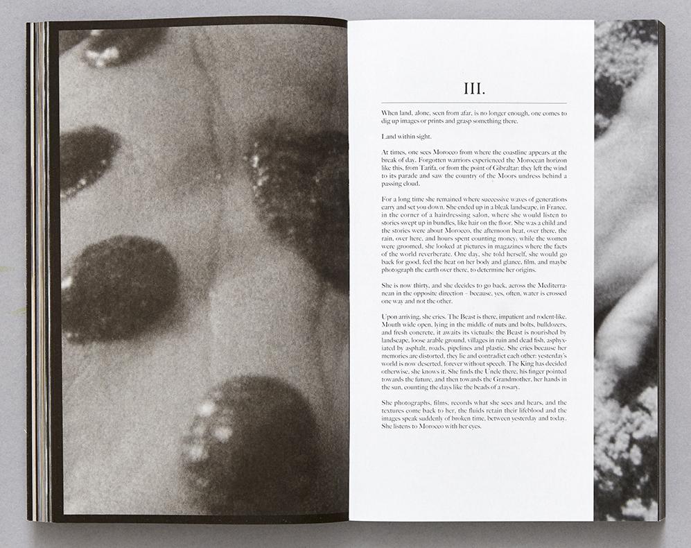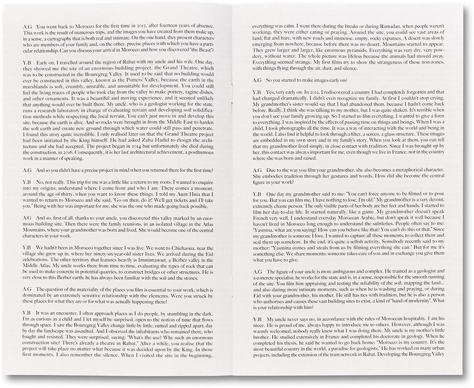 Cet ouvrage, composé uniquement de photogrammes issus de son travail filmique, en noir et blanc et en couleur, plonge le lecteur au cœur du projet réalisé par Yasmina Benabderrahmane au Maroc entre 2012 et 2019. Entre métaphore et fragments bruts, surgissent au fil des pages les différents protagonistes de ce conte visuel : l’Oncle, la Grand-Mère et la Bête. De ces espaces et de ces corps familiers, où se joue l’histoire contrariée du Maroc contemporain, Yasmina Benabderrahmane cherche à s’approcher du détail et des matières, des mains qui façonnent et reproduisent, au fil des âges, les mêmes gestes.
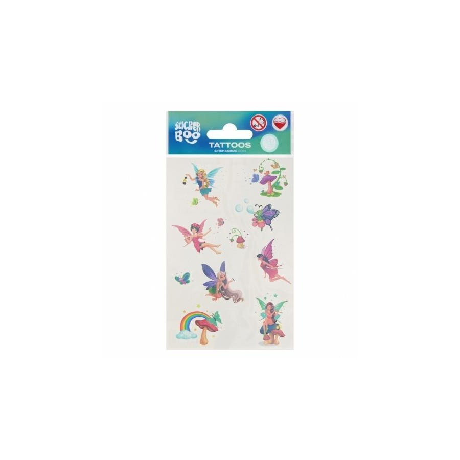 Tatuaże Wróżki STICKER BOO z pewnością przypadną do gustu dzieciakom, idealne do zdobienia ciała, dadzą dużo frajdy oraz satysfakcji i wiele możliwości. Łatwe w użyciu! Aby usunąć tatuaż wystarczy tylko użyć oliwki lub mydła. Zawartość zestawu: 1 arkusz z 10 tatuażami mix wzorów.
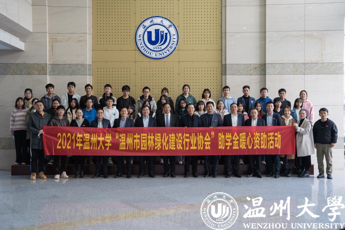 11月24日下午,亚洲成人 “温州市园林绿化建设行业协会”助学金颁发仪式举行。亚洲成人 党委副书记庄兴忠、副校长徐和昆、温州市住建局处长邱克、温州市园林绿化建设行业协会会长李金满等领导出席仪式,相关学院辅导员代表和受资助学生代表参加。
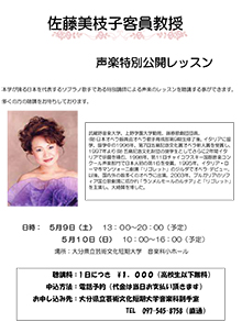 本学が誇る日本を代表するソプラノ歌手である佐藤美枝子客員教授による声楽のレッスンを5月9日(土)、10日(日)の2日間、聴講する事ができます。多くの方の聴講をお待ちしております。
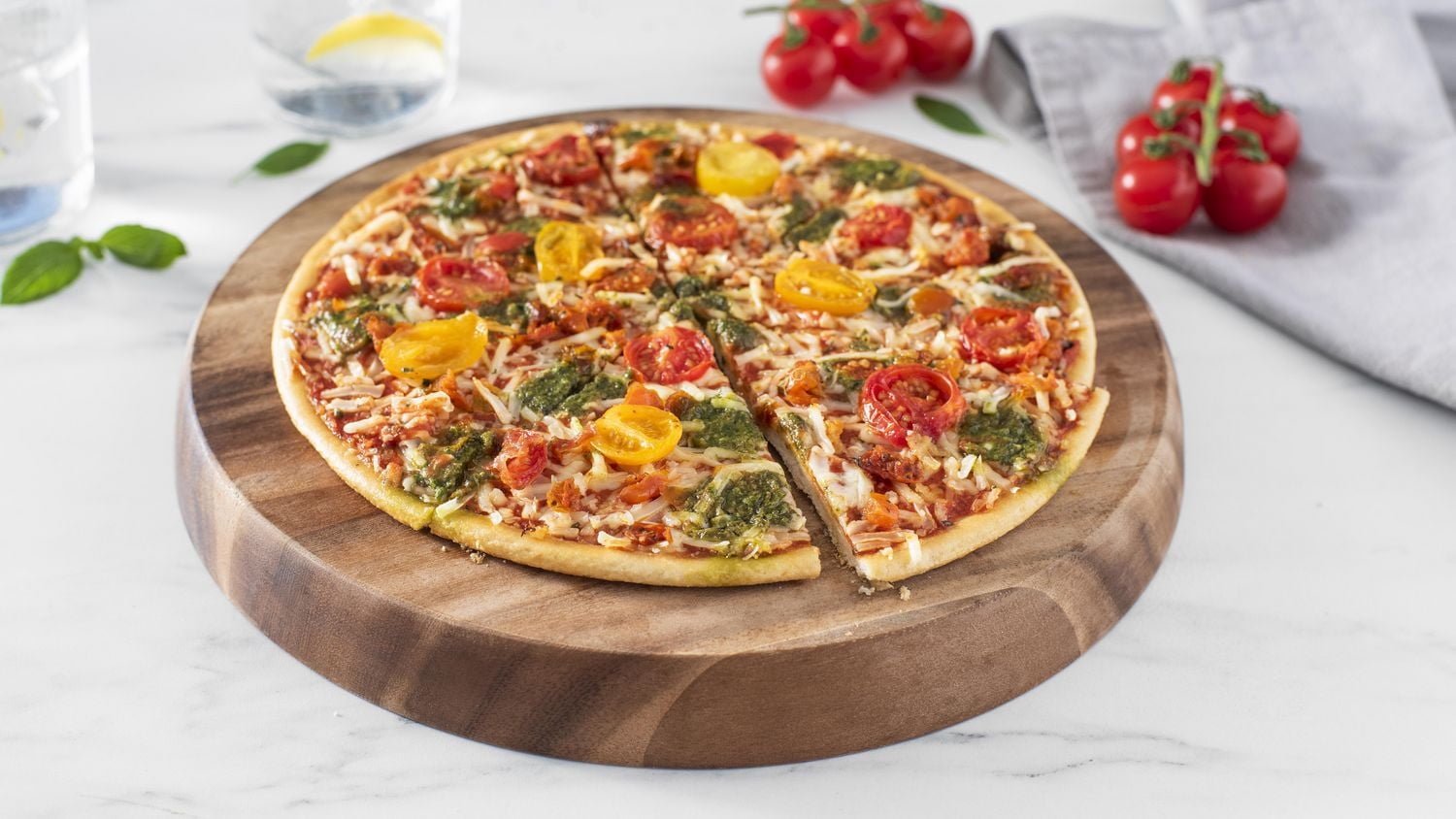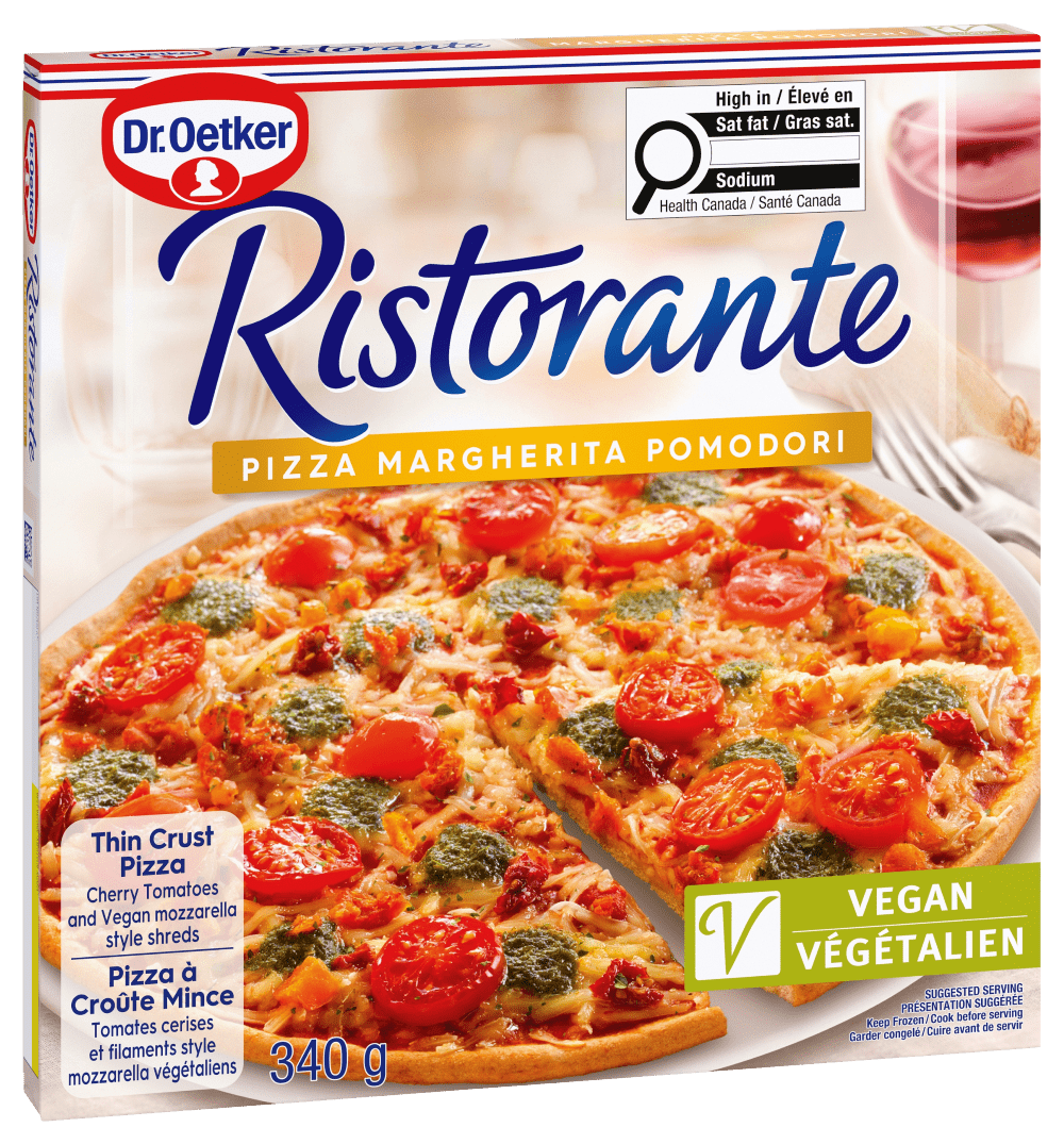 Dr. Oetker Ristorante Vegan Margherita Pomodori thin crust pizza is topped with cherry tomatoes. marinated tomatoes. grated vegan coconut oil based cheese and basil pesto. Over our tomato signature pizzeria style sauce.
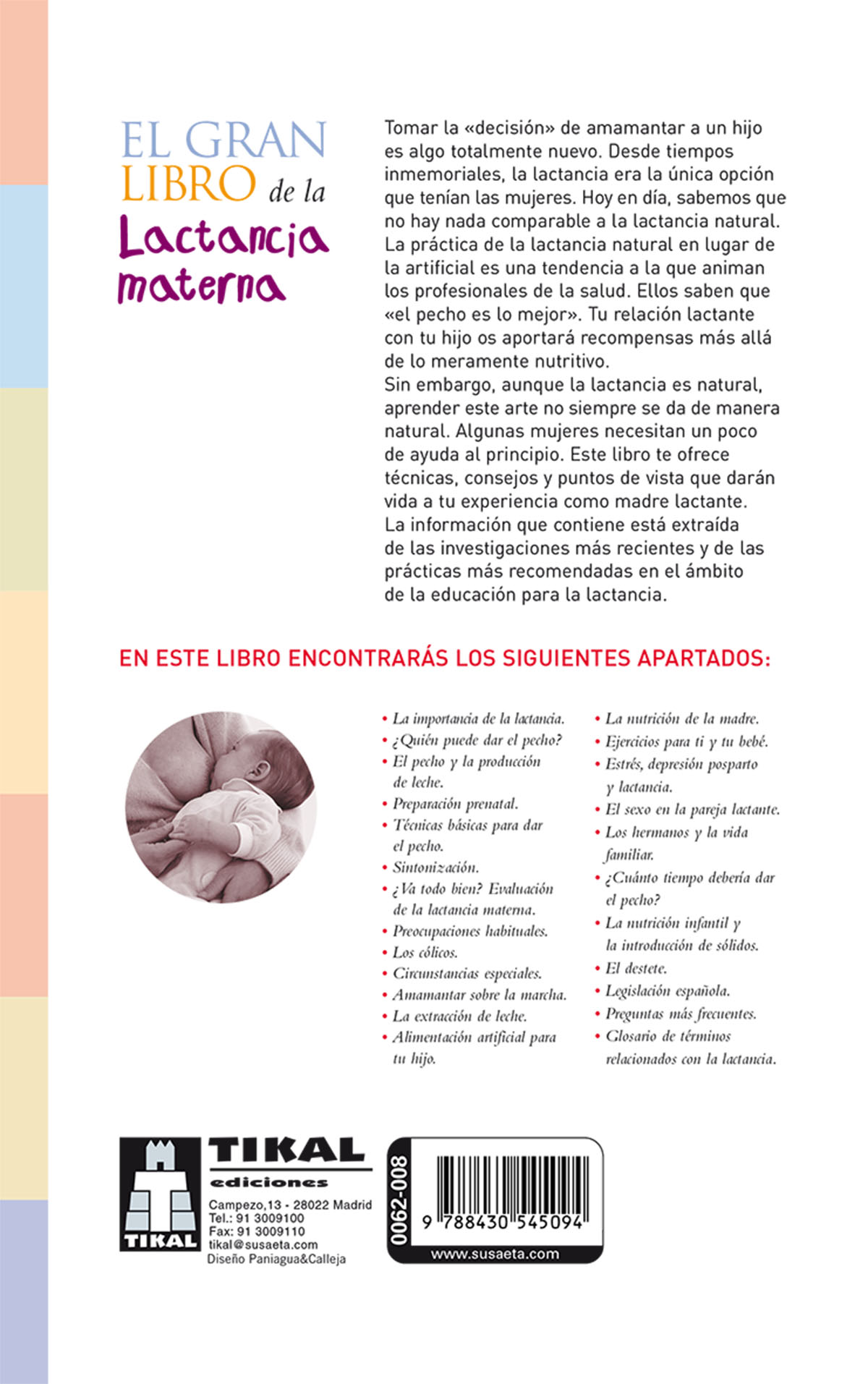 Tomar la decisión de amamantar a un hijo es algo nuevo. Desde tiempos inmemoriales, la lactancia era la única opción que tenían las mujeres. Hoy en día sabemos que no hay nada comparable con la lactancia natural; sin embargo, algunas mujeres necesitan un poco de ayuda. Este estupendo libro ofrece técnicas y consejos que te facilitarán la labor y te ayudarán a resolver tus dudas.
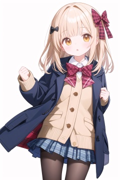 OMIC,1girl,loli,bag,bangs,fishnet_legwear,pantyhose,plaid,plaid_skirt,pleated_skirt,skirt,solo,unmoving_pattern,long_hair,looking_at_viewer,shirt,hair_ornament,long_sleeves,bow,standing,jacket,hair_bow,parted_lips,open_clothes,blunt_bangs,medium_hair,:o,coat,sleeves_past_wrists,open_coat,simple_background,beige_background,
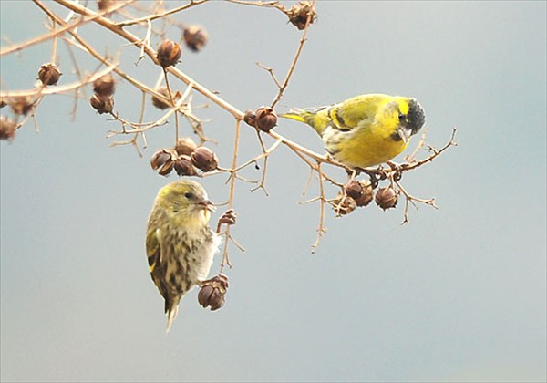 40羽近くのマヒワの群がサルスベリの実を食べているのに遭う。見ていると完全に群で行動している。飛び立つのも移動方向も一斉に同じように動き、まるで海の小魚の群のようだ。 撮影者:横田 靖さん 撮影場所:池田市伏尾町(2013.01.21) |
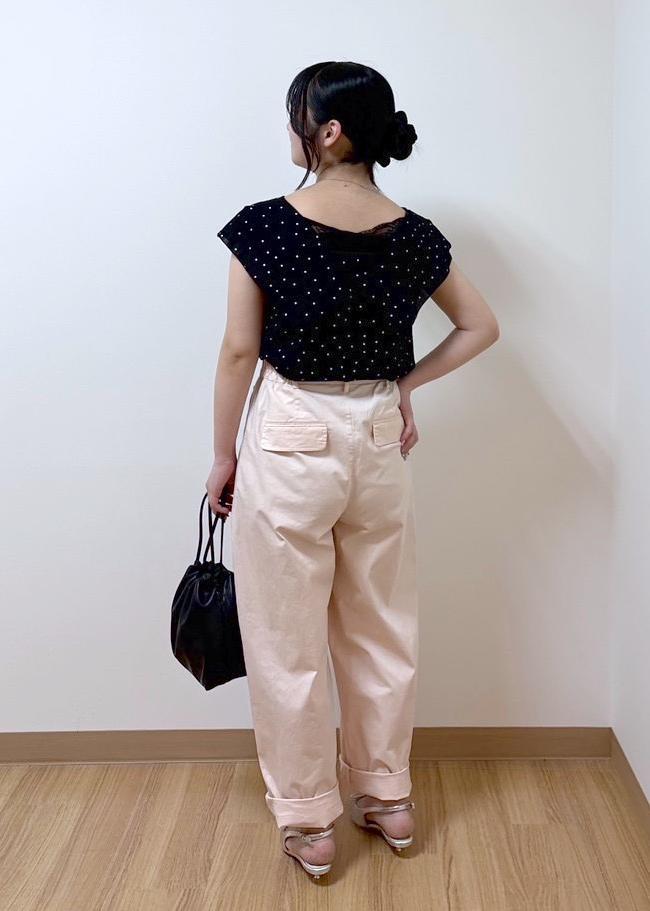ウエストも少し緩めなのでベルトをつけるのがおすすめです!

* * * * * * *

▶ **DESCRIPTION OF THE TASK**:
Within the listing above, the stretch from the line with "Dr. Oetker Ristorante" down to the line with "Tomar la decisión" is to be given again exactly, end lines included and pictures excluded.

▶ **REPLY**:
 Dr. Oetker Ristorante Vegan Margherita Pomodori thin crust pizza is topped with cherry tomatoes. marinated tomatoes. grated vegan coconut oil based cheese and basil pesto. Over our tomato signature pizzeria style sauce.
 Tomar la decisión de amamantar a un hijo es algo nuevo. Desde tiempos inmemoriales, la lactancia era la única opción que tenían las mujeres. Hoy en día sabemos que no hay nada comparable con la lactancia natural; sin embargo, algunas mujeres necesitan un poco de ayuda. Este estupendo libro ofrece técnicas y consejos que te facilitarán la labor y te ayudarán a resolver tus dudas.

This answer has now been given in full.